Juliette Dodu (Saint-Denis de la Réunion, June 15, 1848 - October 28, 1909) was a legendary heroine of the Franco-Prussian War of 1870, and the first woman to be awarded the Legion of Honor. However, many doubts have been raised about her actions during the war, and her story remains controversial.

== Early life ==
Juliette Dodu was born in Réunion, the daughter of Alphonse Dodu, a navy surgeon originally from Indre, and Desaïffre de Pellegrin, a créole. Her father died of yellow fever when she was two. In 1864, at the age of sixteen, she left the island with her mother, who found work in France as director of the telegraph office of Pithiviers (Loiret).

== The Franco-Prussian War and the Famous Wiretap Story ==
It was in the course of the Franco-Prussian War of 1870 that she became famous. The Prussians occupied Pithiviers on September 20, 1870. The telegraph office was seized and the Dodu family was relegated to the second floor of the house. The young woman of twenty-two then had the idea to rig up a tap on the wire that passed by her room. Having kept a receiving apparatus, she was thus able to intercept the transmissions each time that the occupiers received or sent dispatches.

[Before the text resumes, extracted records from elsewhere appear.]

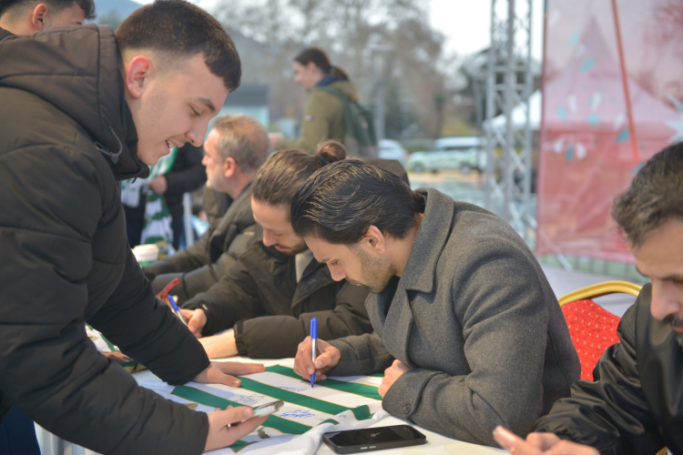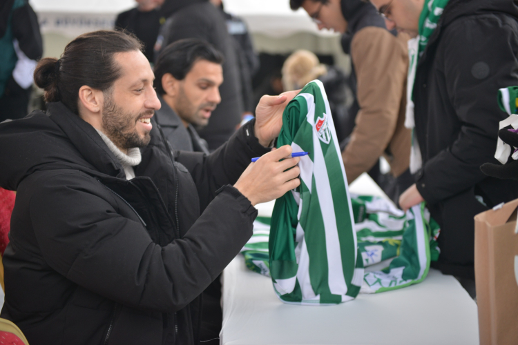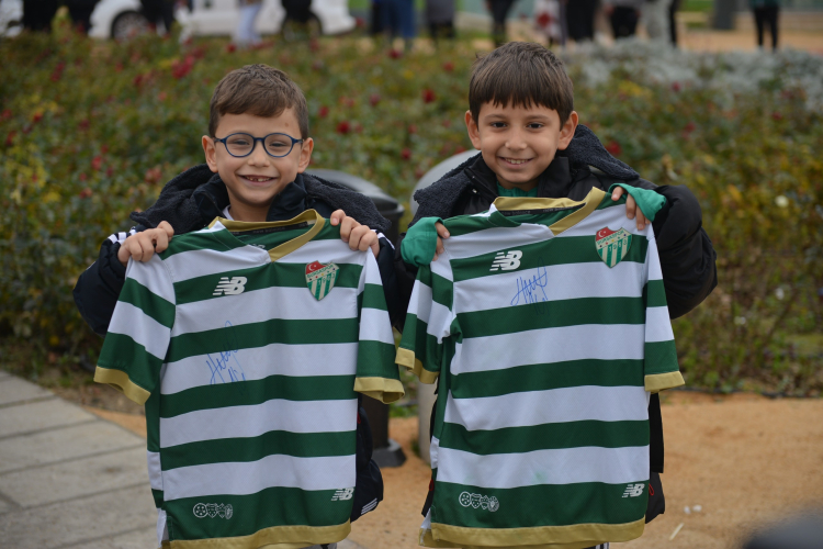 Öte yandan Bursaspor Başkanı Enes Çelik, Teknik Direktör Tahsin Tam ve futbolcular Taha Batuhan Yayıkçı, Muhammed Demir ve İlhan Depe de Yeni Yıl Meydanı’nda düzenlenen imza gününde taraftarlarla bir araya geldi. Programa yoğun ilgi gösteren yeşil beyazlı taraftarlar, uzun kuyruklar oluşturarak tezahüratlar eşliğinde forma ve atkılarını imzalattırdı.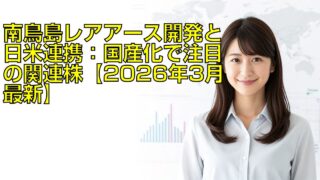 ニュースまとめ 南鳥島レアアース開発と日米連携:国産化で注目の関連株【2026年3月最新】 資源大国への夢か?南鳥島レアアース開発と日米連携の最新動向「日本の海底に、世界屈指の鉱床が眠っている」——そんなニュースを聞いて、あなたはどんな未来を想像するでしょうか?電気自動車やスマートフォンなど、私たちの生活に不可欠なレアアース。その... 2026.03.21 ニュースまとめ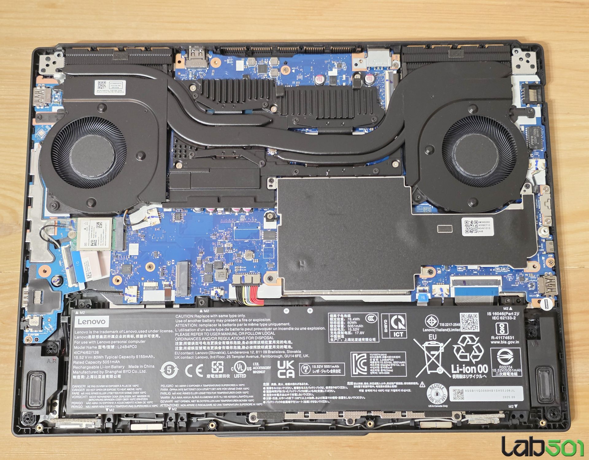 Cea mai importanta tehnologie utilizata de Lenovo in cazul intregii serii Legion 2025, inclusiv LOQ, este deja binecunoscutul hyperchamber, Lenovo folosind principii de directionare a aerului, intalnite de obicei in carcasele de PC. Astfel, zona mediana a laturii inferioare este obturata, pe sistemul de racire si pe latura inferioara fiind lipite insertii de burete elastomeric, luand astfel nastere 3 camere distincte (hyperchamber), care stau la baza principiului de functionare din spatele sistemului de racire Lenovo Coldfront Hyper.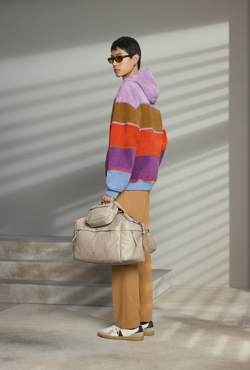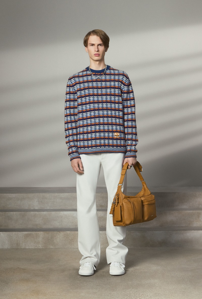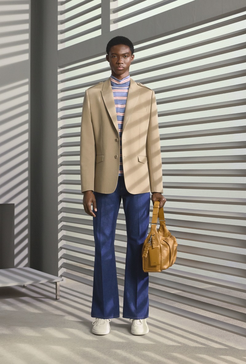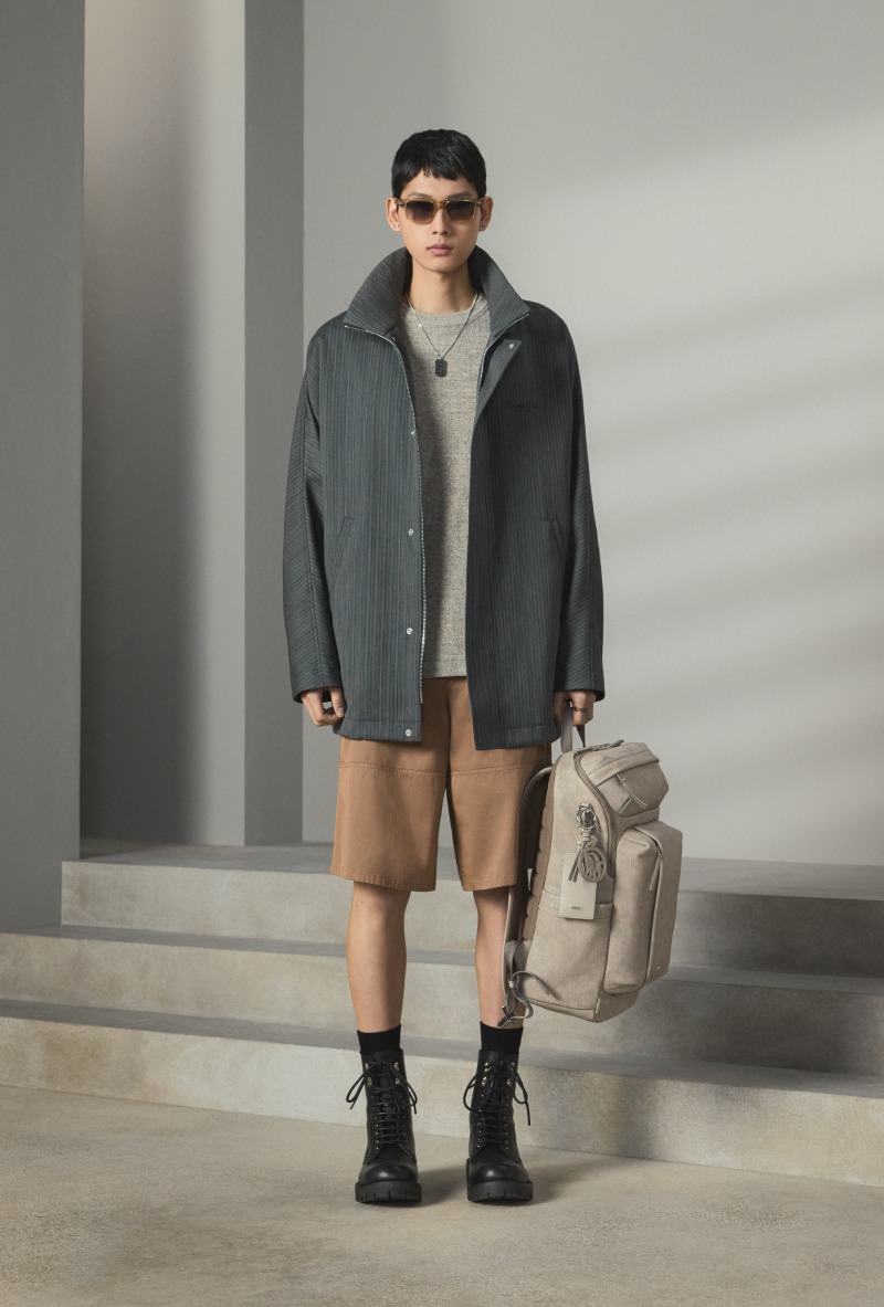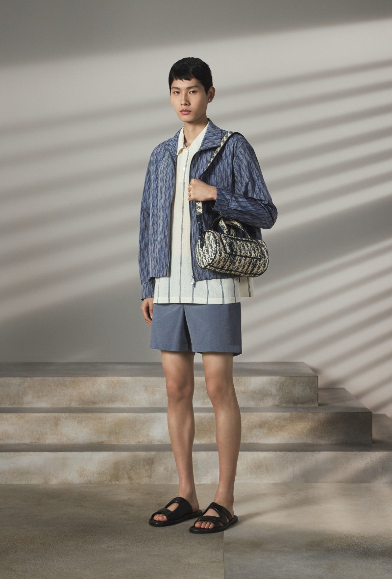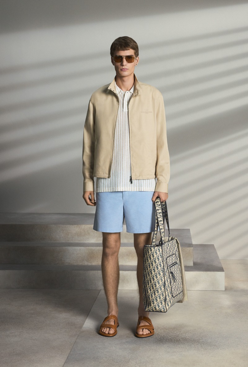 Otro de los puntos fuertes de Dior Men Fall 2025 es el estampado de rayas clásico; otro elemento unificador en estos tipos de armario. Esto resalta dentro del repertorio más casual, dejándose ver en camisetas, jerséis, bermudas, polos de rugby. También tenemos unas bermudas cargo con patrón Oblique y un chaleco utility para cerrar los looks.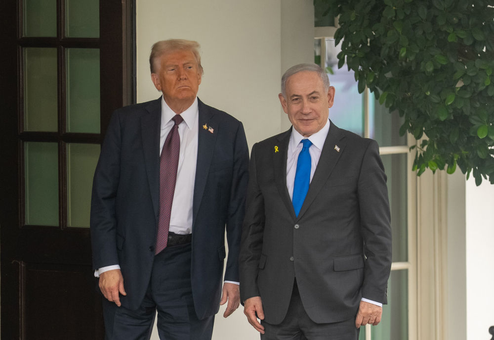 2025年9月29日,在美国首都华盛顿白宫,美国总统特朗普(左)迎接到访的以色列总理内塔尼亚胡。新华社记者胡友松摄
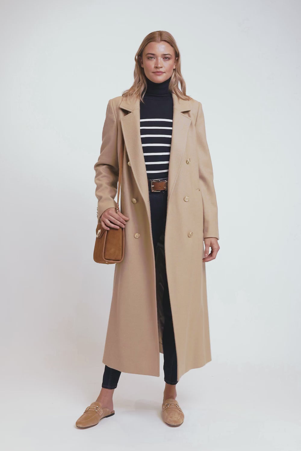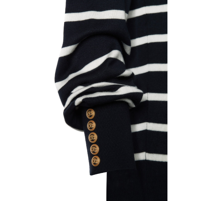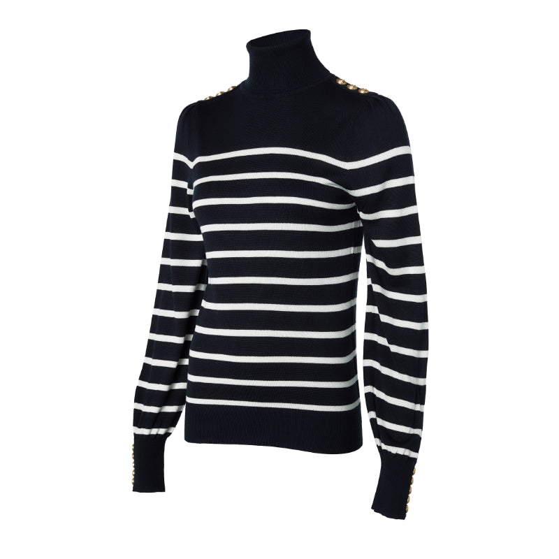 Experience luxurious comfort and effortless style with the Holland Cooper Kelsie Roll Neck Ladies Knit Jumper. Made from a super soft yarn, this relaxed fit jumper features puff sleeves with long feminine cuffs and a classic roll neck. The Breton stripe pattern adds sophistication while the gold HC metal hardware adds a touch of luxury and classic HC branding.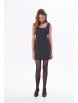 Платье-футляр прилегающего силуэта с акцентной застёжкой на пуговицы по переду длиной выше колена. Горловина круглая.

For 17 days, the young woman was able to deliver the dispatches to the French authorities without the slightest suspicion on the part of the Prussians, who were seduced by the charm of the young Frenchwoman. It was claimed that she saved the lives of 40,000 soldiers of General Aurelle de Paladines by means of one of her intercepted messages. However, the wiretap was discovered when a German soldier overheard a housekeeper accuse Juliette Dodu of tapping the telegraph wires. The Prussians prosecuted Juliette Dodu and tried her for espionage before a court-martial. She is reputed to have told her judges, Je suis Française et ma mère aussi, j’ai agi pour mon pays. Messieurs, faites de moi ce que vous voudrez ("I am French and so is my mother. I have acted for my country. Messieurs, do with me as you wish!"). She was condemned to death. But the armistice was signed before her execution and Juliette Dodu was pardoned by prince Frederick Charles of Prussia and set free.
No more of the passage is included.